Until 30th of December, everything was fine. I’d finished early, an hour into New Year’s Eve, explaining to the ladies in the piano bar that we’d be open from 6 p.m. until sunrise on New Year’s Day. I intended sleeping in until after lunch to prepare myself for the long musical night to come. They’d taken the news well. There comes a stage in a night of drinking and carousing when music isn’t strictly necessary and may even get in the way of lively inebriated conversation. I always played soft sentimental numbers towards the end of the evening. When you work a piano bar, you learn to go with the flow; it’s no place for a prima donna.

I changed into my street clothes and shrugged on an overcoat for the chilly walk home. As usual I strolled through the regular casino to check the action before leaving via the kitchen corridor. As I passed the snack and drinks bar, I heard Lenny call out to me. He was still up, having a drink and a bite with a couple of men, probably pit gamblers. I was tired and the last thing I felt like was a meet and greet, but with only two days before I left Las Vegas for good, it would have been churlish to refuse, so I approached their table. To my surprise, Lenny rose and met me halfway.

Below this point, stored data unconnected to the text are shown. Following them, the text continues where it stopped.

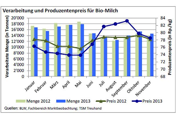 Das Jahr 2013 startete für die Biomilchproduzenten wenig erfreulich. Im Sommer hingegen kletterten die Preise deutlich über die Vorjahreswerte.
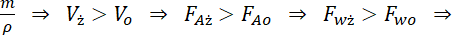 Zauważ, że skoro ciężary kawałków są takie same, to ich masy także. Na podstawie danych z tablic fizycznych, wiemy, że gęstość ołowiu jest większa od gęstości żelaza. Stąd wynika, że przy jednakowych masach, objętość kawałka żelaza jest większa. Zgodnie z prawem Archimedesa, siła wyporu działająca na kawałek żelaza będzie większa niż w przypadku ołowiu. Zgodnie z zasadami dynamiki większą wartość będzie miała siła wypadkowa dla ołowianego kawałka (jest ona różnicą sił ciężkości i wyporu, które są skierowane w przeciwne strony). Stąd fakt, że szalka przechyli się w stronę ołowiu.
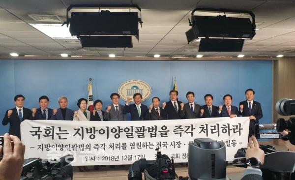 간담회에 이어 전국 시장군수구청장의 뜻을 모아 중앙사무의 신속한 지방 일괄 이양을 위한 법안인 지방이양일괄법 즉시처리를 촉구하는 성명서를 국회정론관에서 발표했다.
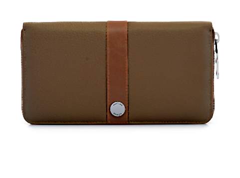 Portfel damski wykonany z najwyższej jakości usztywnianej, groszkowanej i licowej skóry bydlęcej, w jasnym odcieniu kawy z mlekiem. Całość zamykana na suwak. Wewnątrz 5 przegródek, z czego 1 zamykana na suwak (na monety), 8 miejsc na strony kredytowe, 1 siateczkowa kieszeń (np. na dowód osobisty), 1 kieszonka na wizytówki oraz 2 kieszenie dodatkowe. Wymiary: szerokość – 18,5 cm, wysokość – 10 cm, głębokość – 2 cm. Cena: 199,90 zł.
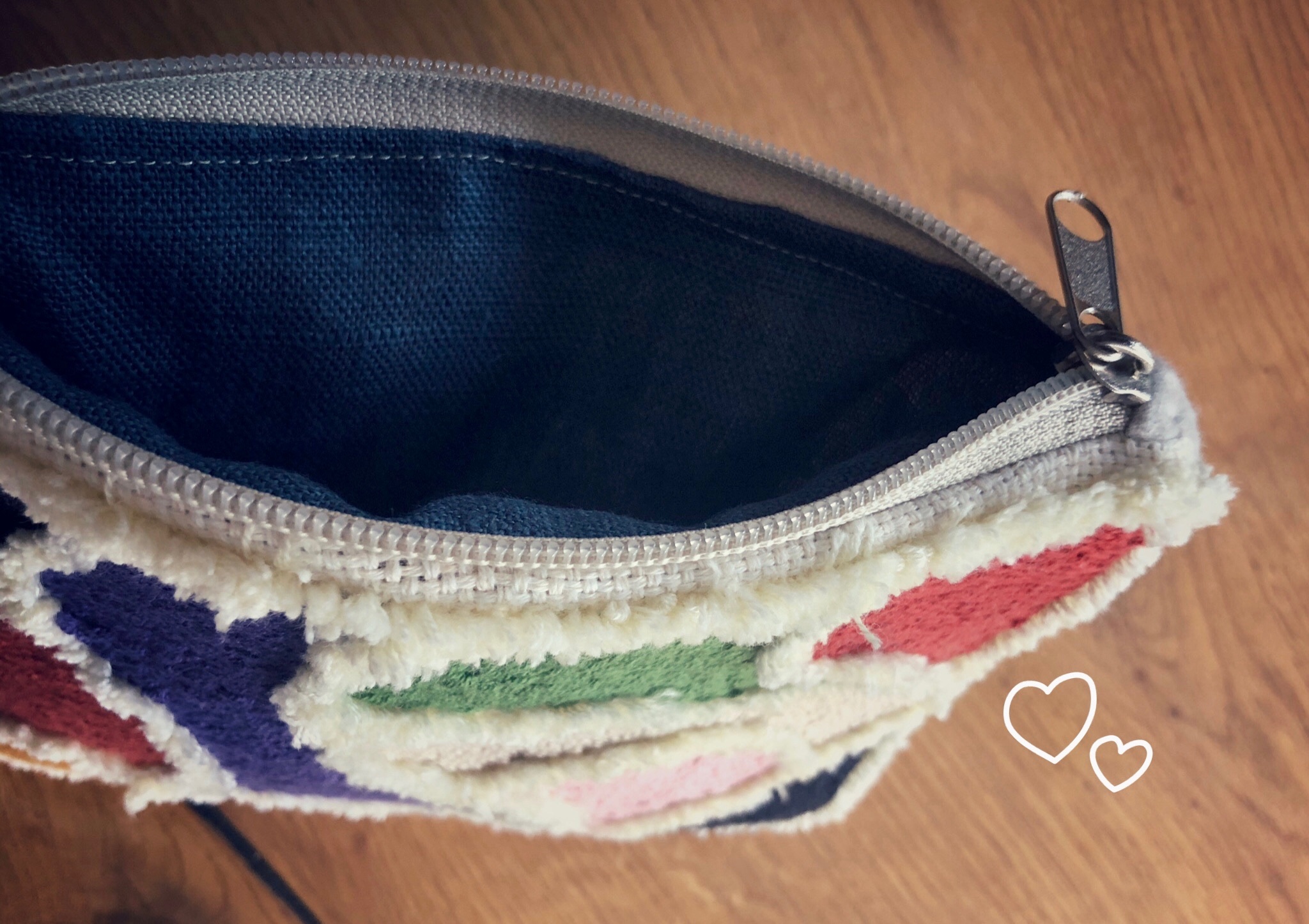 Astuccio con cerniera ricamato in lana su tela in cotone
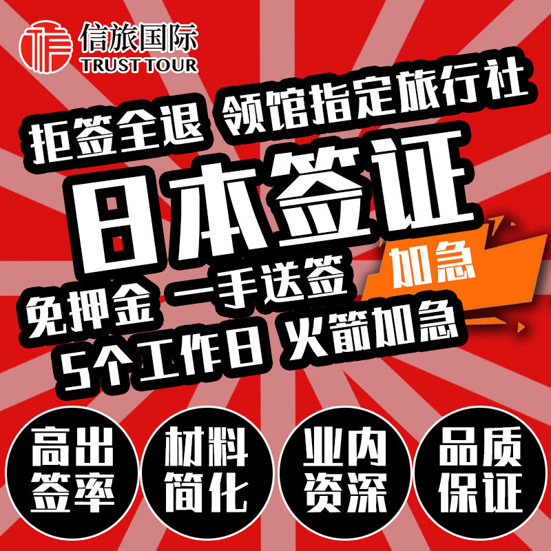 日本·三年多次旅游签证·上海送签·中信信旅日本签证三年多次个人旅游签证上海送签材料简化加急拒签全退
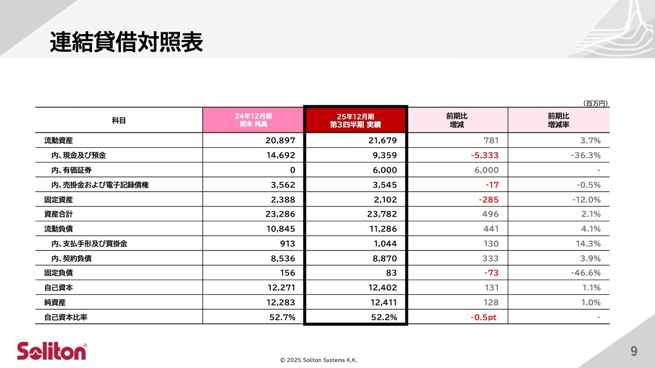 連結貸借対照表についてはスライドのとおりです。自己資本比率は引き続き50パーセント以上を維持しており、健全な財務体質を保っています。
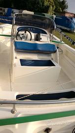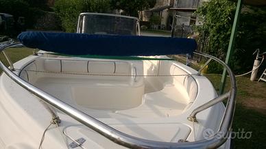Vendita congiunta per inutilizzo barca di tipo open autosvuotante di metri 5,50 di marca Mario Ranieri RANCRAFT con motore Mariner 90 Hp quattro tempi con drim, insieme al carrello marca Reggianarimorchi dotato di 4 sospensioni.

‘Jack, glad I saw you before you left.’ He nodded his head towards the two guys at the table. ‘Doctor says Sammy is well enough to travel, and these two guys have been sent from Chicago to take him back on the company Convair in the morning.’

‘Are they medics?’ I asked, looking them over more carefully.

‘Yeah, one is trained, but both are in the Chicago Family.’ He clapped me on the back. ‘Just thought you’d like to know, Jack. Sort’a like a New Year’s gift from your uncle Lenny.’ He laughed. ‘Sammy is finally away and out of our life, our lives, for fuckin’ good! How about that, buddy?’

‘Great for you, Lenny, but I thought he’d need at least another two or three weeks in hospital, and his offsider even more.’

‘Sammy can walk and sort’a talk. As for the other guy, who the fuck cares? He’s goin’ anyway.’ He shrugged. ‘If he dies on the plane, so what. Life’s short. Doc says he can walk and is strong enough, just a little nuts. Got his head bandaged like one’a them Egyptian mummies. We’ll put them both back into hospital in Chicago.’ He paused and chuckled, head to one side. ‘You wouldn’t consider changing ya mind and stayin’, would ya, Jack?’

I shrugged, then patted him on the shoulder. ‘My time’s up, Lenny, but we’re always going to be buddies. I’ll stay in touch. I intended to come around and see you New Year’s Day, have a drink. I’m off on the early train the next day. By the way, thanks for the generous bonus.’

‘Jack, you earned it, every red cent, buddy. Call around, say goodbye, we’ll have that drink together. Walking home as usual, are you?’